== SOURCE MATERIAL ==

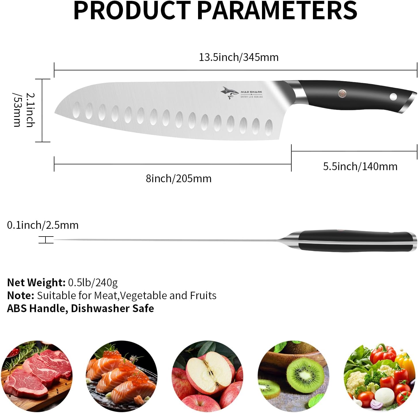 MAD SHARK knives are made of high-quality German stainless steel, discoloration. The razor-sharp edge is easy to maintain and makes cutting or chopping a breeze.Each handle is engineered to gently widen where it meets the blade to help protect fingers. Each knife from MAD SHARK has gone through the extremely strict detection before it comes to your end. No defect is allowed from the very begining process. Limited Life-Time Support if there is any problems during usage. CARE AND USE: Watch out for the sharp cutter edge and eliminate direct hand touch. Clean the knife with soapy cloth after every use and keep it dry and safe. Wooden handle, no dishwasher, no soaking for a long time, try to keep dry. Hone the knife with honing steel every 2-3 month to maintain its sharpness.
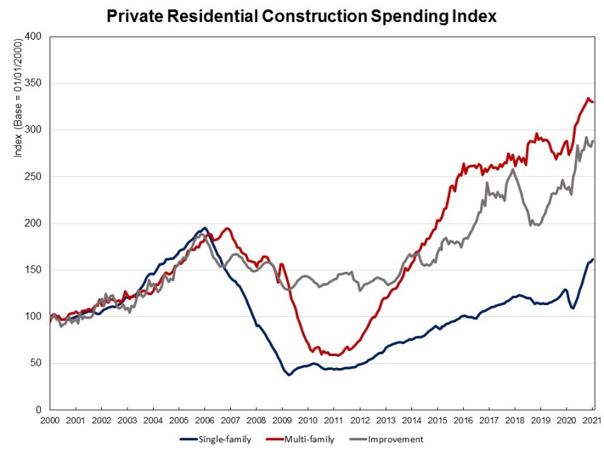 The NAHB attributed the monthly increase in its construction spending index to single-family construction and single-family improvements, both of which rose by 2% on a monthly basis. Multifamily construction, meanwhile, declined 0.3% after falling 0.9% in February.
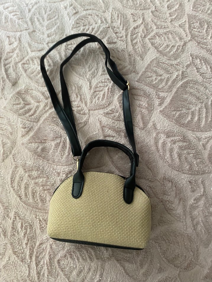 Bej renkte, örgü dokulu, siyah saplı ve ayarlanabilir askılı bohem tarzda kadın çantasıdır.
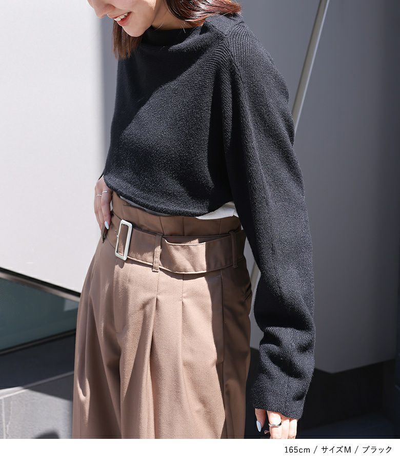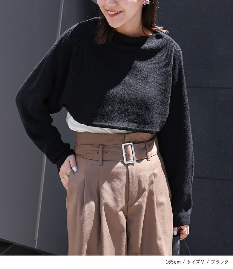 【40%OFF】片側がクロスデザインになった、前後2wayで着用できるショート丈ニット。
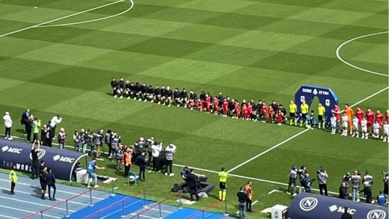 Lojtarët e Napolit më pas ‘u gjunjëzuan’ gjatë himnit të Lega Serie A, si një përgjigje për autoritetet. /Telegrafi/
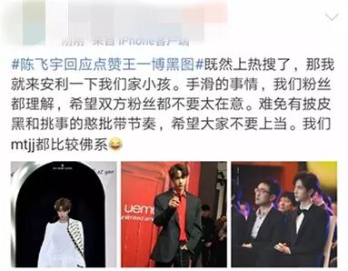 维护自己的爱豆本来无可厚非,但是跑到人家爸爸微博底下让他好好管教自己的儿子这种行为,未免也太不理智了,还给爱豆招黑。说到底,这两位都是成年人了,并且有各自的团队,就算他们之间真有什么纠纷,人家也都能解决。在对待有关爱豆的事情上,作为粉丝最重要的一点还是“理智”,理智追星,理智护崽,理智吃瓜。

===

> EXERCISE DIRECTIONS
Write out exactly the lines above, from the very first through the line containing "The NAHB attributed", both kept, with the pictures removed.

> ANSWER SECTION
 MAD SHARK knives are made of high-quality German stainless steel, discoloration. The razor-sharp edge is easy to maintain and makes cutting or chopping a breeze.Each handle is engineered to gently widen where it meets the blade to help protect fingers. Each knife from MAD SHARK has gone through the extremely strict detection before it comes to your end. No defect is allowed from the very begining process. Limited Life-Time Support if there is any problems during usage. CARE AND USE: Watch out for the sharp cutter edge and eliminate direct hand touch. Clean the knife with soapy cloth after every use and keep it dry and safe. Wooden handle, no dishwasher, no soaking for a long time, try to keep dry. Hone the knife with honing steel every 2-3 month to maintain its sharpness.
 The NAHB attributed the monthly increase in its construction spending index to single-family construction and single-family improvements, both of which rose by 2% on a monthly basis. Multifamily construction, meanwhile, declined 0.3% after falling 0.9% in February.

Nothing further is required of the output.